Ainsi, pour que la peine d’emprisonnement ferme soit prononcée à l’encontre de l’intéressé, le juge doit spécialement motiver sa décision judiciaire en indiquant pour quelles raisons cet emprisonnement ne peut pas être aménagé (bracelet électronique, semi-liberté, ).
Là encore, si le jugement fait juste mention de la condamnation à une peine d’emprisonnement ferme, sans faire référence à l’impossibilité d’aménager cette peine, un telle décision est sujet à critique et à être remise en cause dans le cadre d’un recours.
Ces règles s’appliquent aussi bien au prononcé d’une peine d’emprisonnement ferme qu’au prononcé d’une peine mixte (une partie ferme et une partie avec sursis ou avec sursis avec mise à l’épreuve).
Pour exemple :
Une personne est déclarée coupable pour plusieurs infractions et est condamnée à 3 ans d’emprisonnement dont 18 mois avec sursis.

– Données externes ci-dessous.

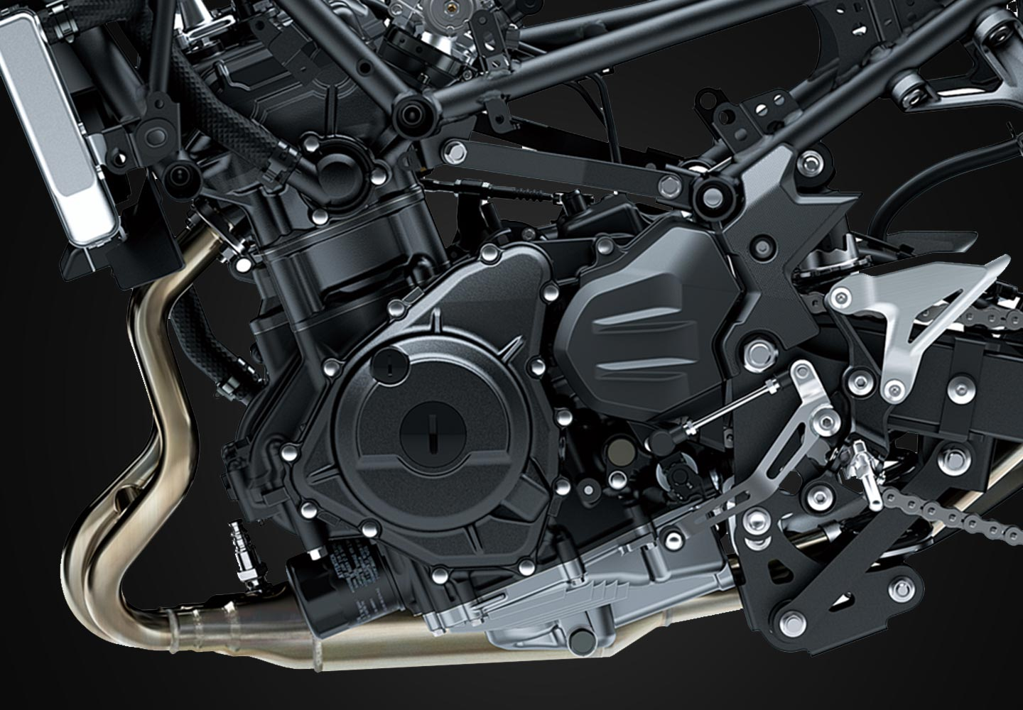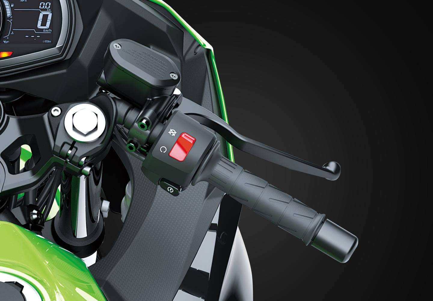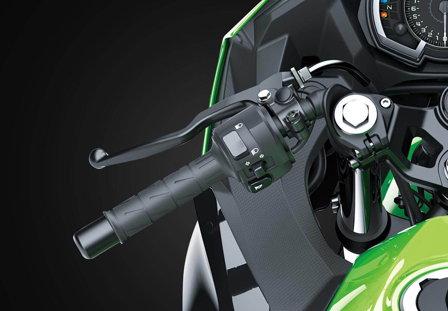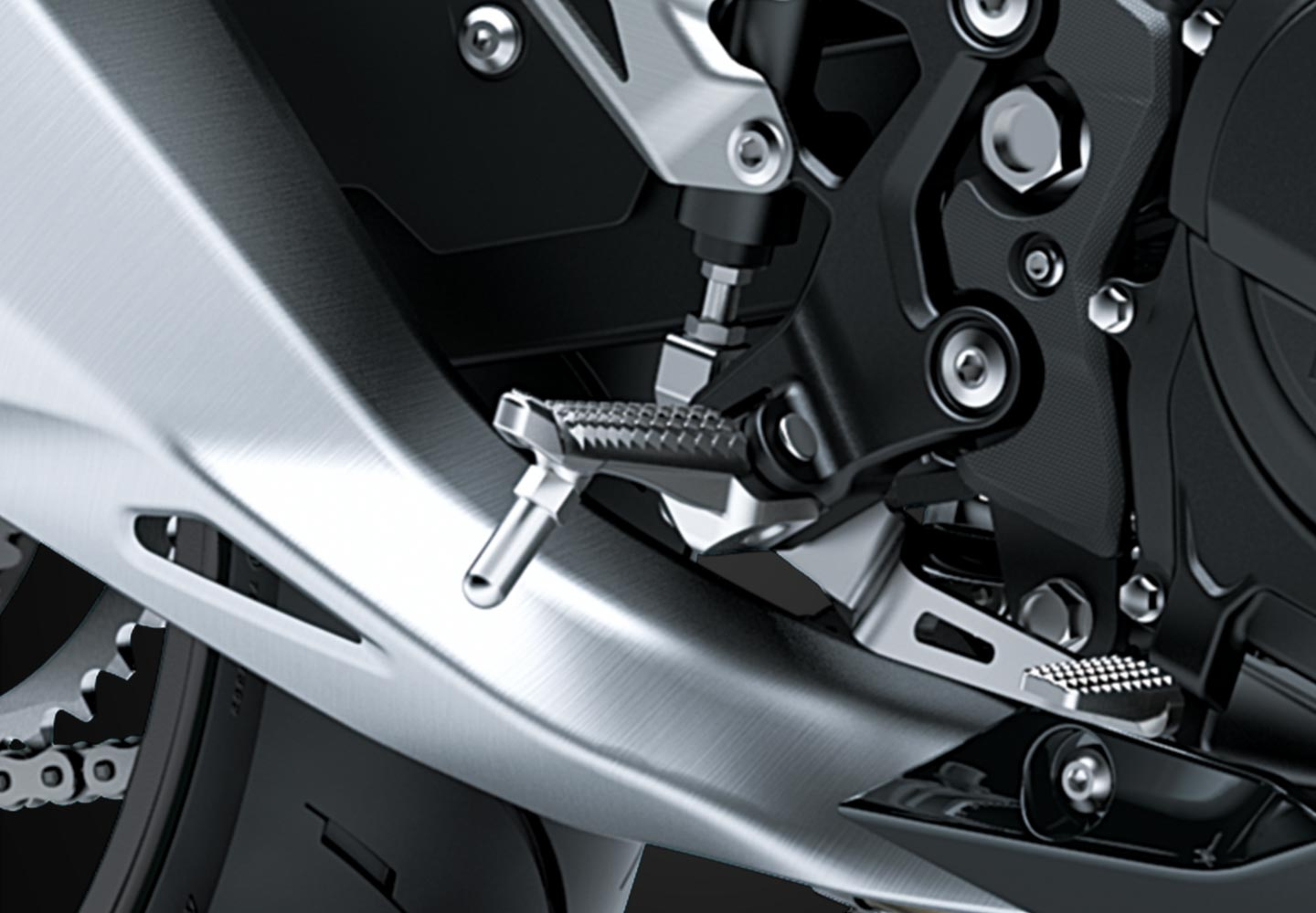 ERGO-FIT® is an interface system designed to allow riders to find their ideal riding position. Various points of the chassis interface (the handlebar, footpegs and seat, etc.) can be adjusted through a combination of interchangeable parts and parts with adjustable positions. This enables a wide range of riders to find a riding position that offers both comfort and control. Feeling at one with their machine, they will be able to experience how Kawasaki machines are fun and rewarding to ride.
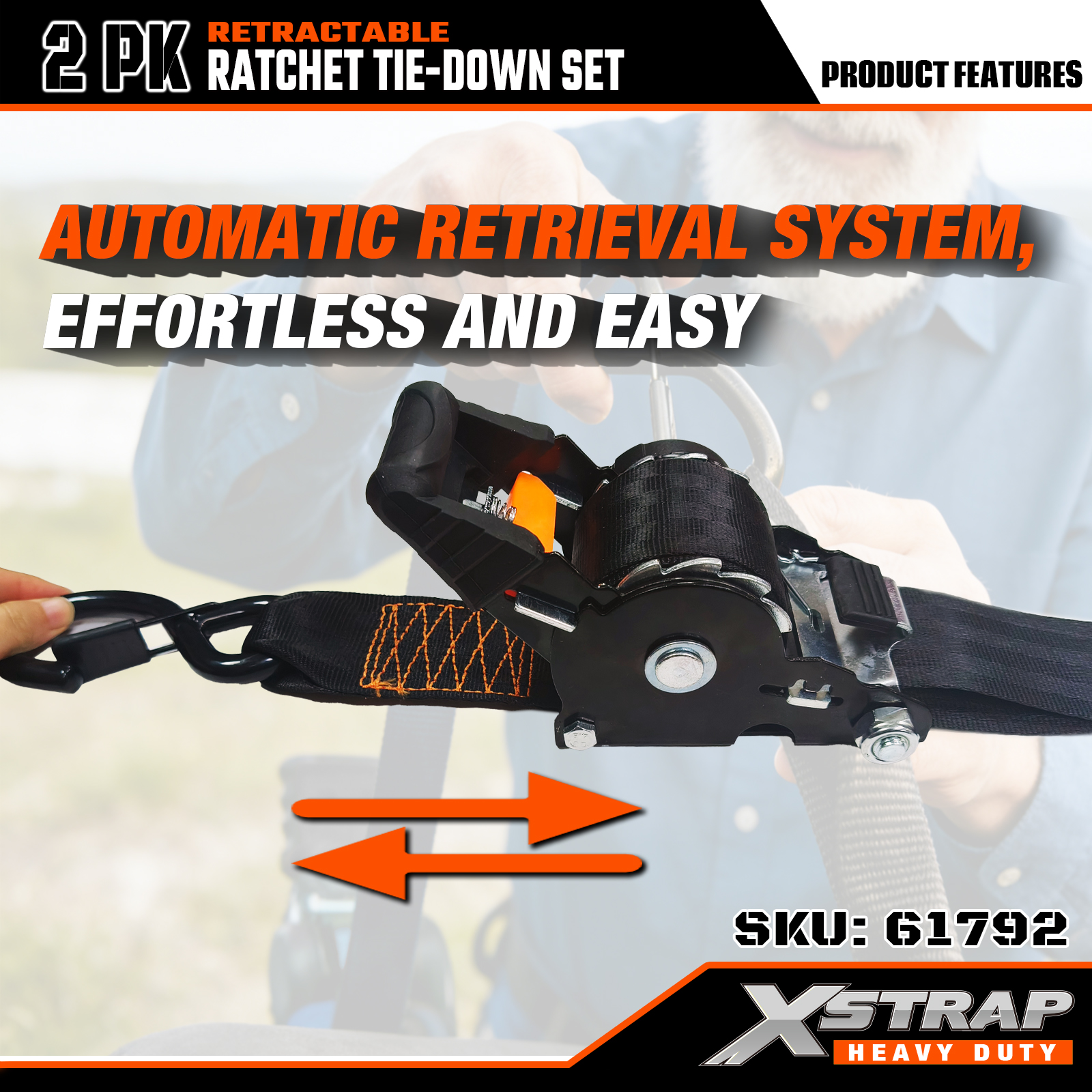 - Retragere automată cu un singur clic: V-ați săturat de curele dezordonate și încurcate? Sistemul de retractare automată trage excesul de cureaua înapoi în carcasă cu un singur clic - rapid, îngrijit și perfect pentru șantierele aglomerate sau călătoriile rapide de weekend.
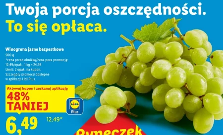 Winogrona jasne bezpestkowe 500 g *cena przed obniżką/cena poza promocją: 12,49/opak., 1 kg - 24,98 Limit: 2 opak. na kupon. Szczegóły promocji dostępne w aplikacji Lidl Plus.
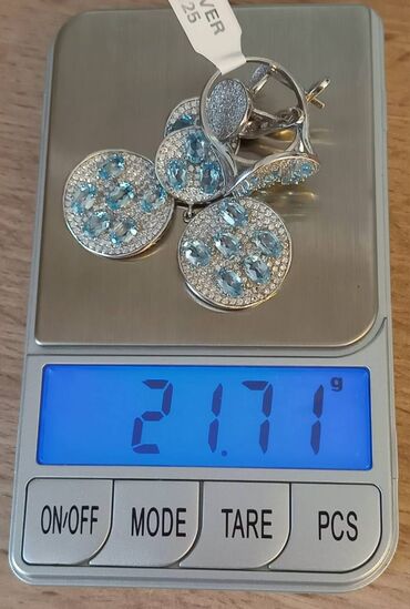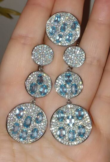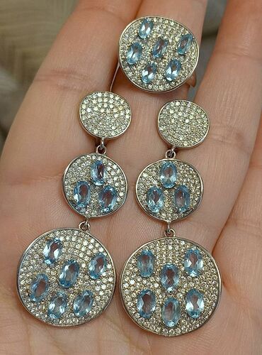 EndirimsizШикарный новый серебряный комплект 925 пр с голубыми топазами, куплен был в Италии, вес комплекта - 21.7 гр, серьги - 5 см, английский замок, кольцо 18-18.5 размер. Отдам всего за 100 ман (куплен намного дороже).
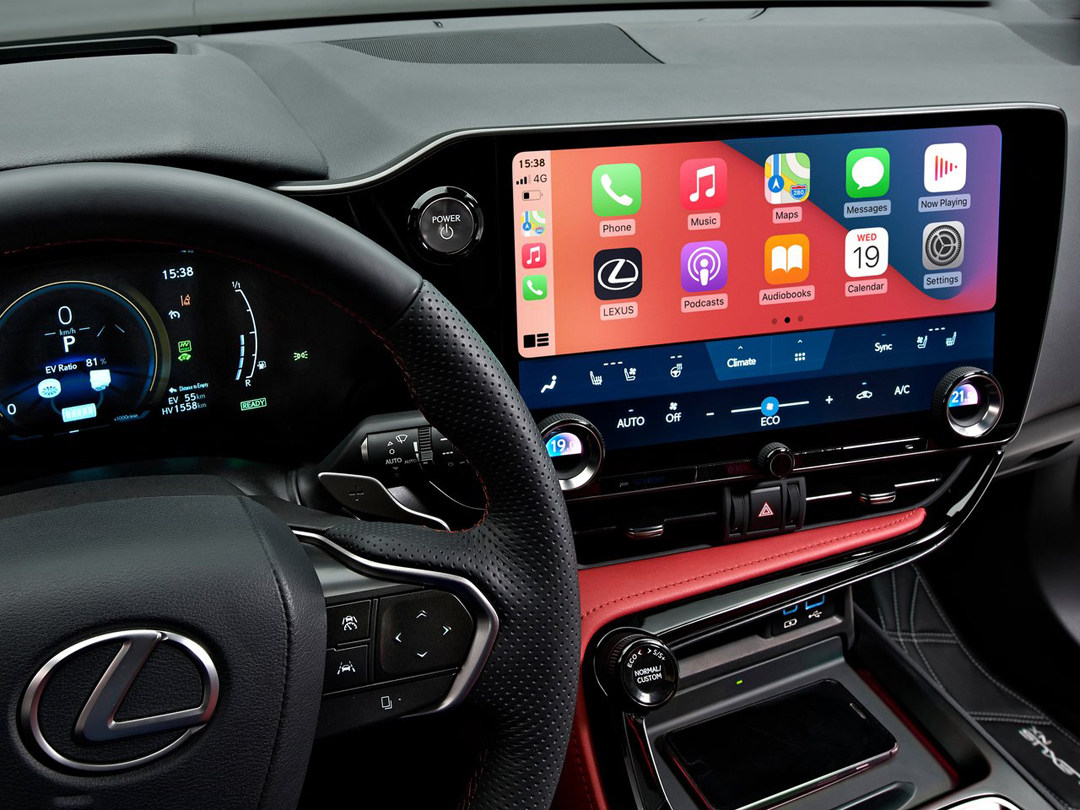 中央显示屏是提升最明显的地方,现款车型除了顶配车型使用10.3英寸屏幕以外,其余配置均使用8英寸的中央显示屏。新款车型上,全系标配9.8英寸,并且高配车型将升级至14英寸,同时屏幕会更靠近驾驶员,使用起来更顺手。此外,新款NX还取消了老款车型位于挡把附近的触控区域,转而使用全触屏交互,这是全新NX在车机系统上的一大进步。
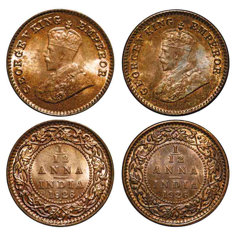 George V, Bronze, 1/12 Anna, ( 2 coins), 1926, 1) Bombay Mint, Dot, 2) Calcutta Mint, No dot. GK 1239, 1240. Brilliant Uncirculated. Rare.
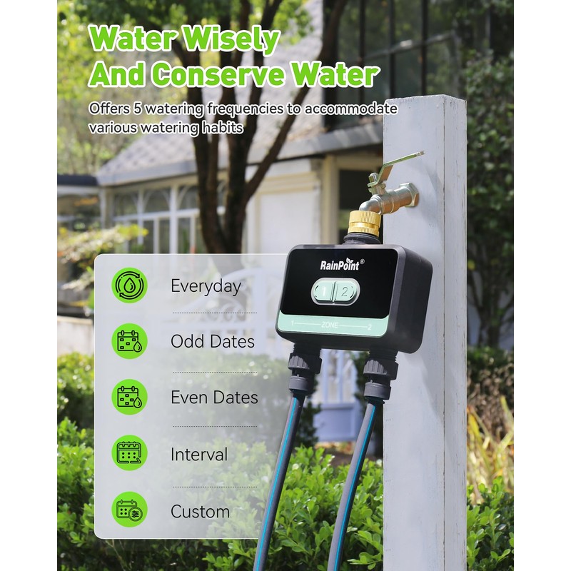 • 【Dual Programmable Zones】 Each smart hose timer zone operates independently, allowing for customized watering schedules for each zone. Set up to 6 watering schedules per zone for efficient and intelligent watering.
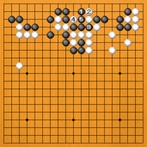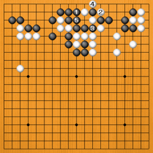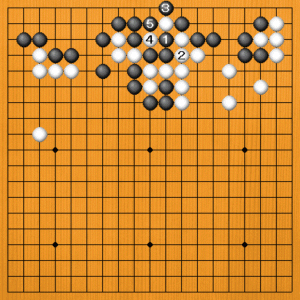 黒1とブツカるのはどうでしょう。白2とカカえてくれば、黒3の切りがアタリになりますから、白4の抜きに黒5とツイで、黒がうまくいきました。しかし、これは白2がまずかったのです。 |

Cette personne est âgé de 50 ans, divorcé, vivant avec sa nouvelle compagne sans avoir d’enfants, bénéficiant d’une allocation adulte handicapée en raison d’une sclérose en plaques, et présente un casier judiciaire vierge.
Cette personne a fait six victimes dont les traumatismes sont avérées par leurs expertises psychologiques.
Elle renouvelle ses infractions malgré son interrogatoire de première comparution devant le juge d’instruction et son placement sous contrôle judiciaire.
Lors de l’instruction comme à l’audience de jugement, son comportement ne dénote aucune évolution.
Compte tenu de la gravité des infractions et de la personnalité de l’individu, il est donc condamné à une partie d’emprisonnement ferme.
Cependant, en le condamnant à une peine d’emprisonnement ferme, les juges n’ont pas motivé leur décision en indiquant en quoi cette peine ferme ne peut pas être aménagée.
Dès lors, en ne remplissant pas les conditions, la décision judiciaire est cassée sur le fondement de l’article 132-19 du Code pénal.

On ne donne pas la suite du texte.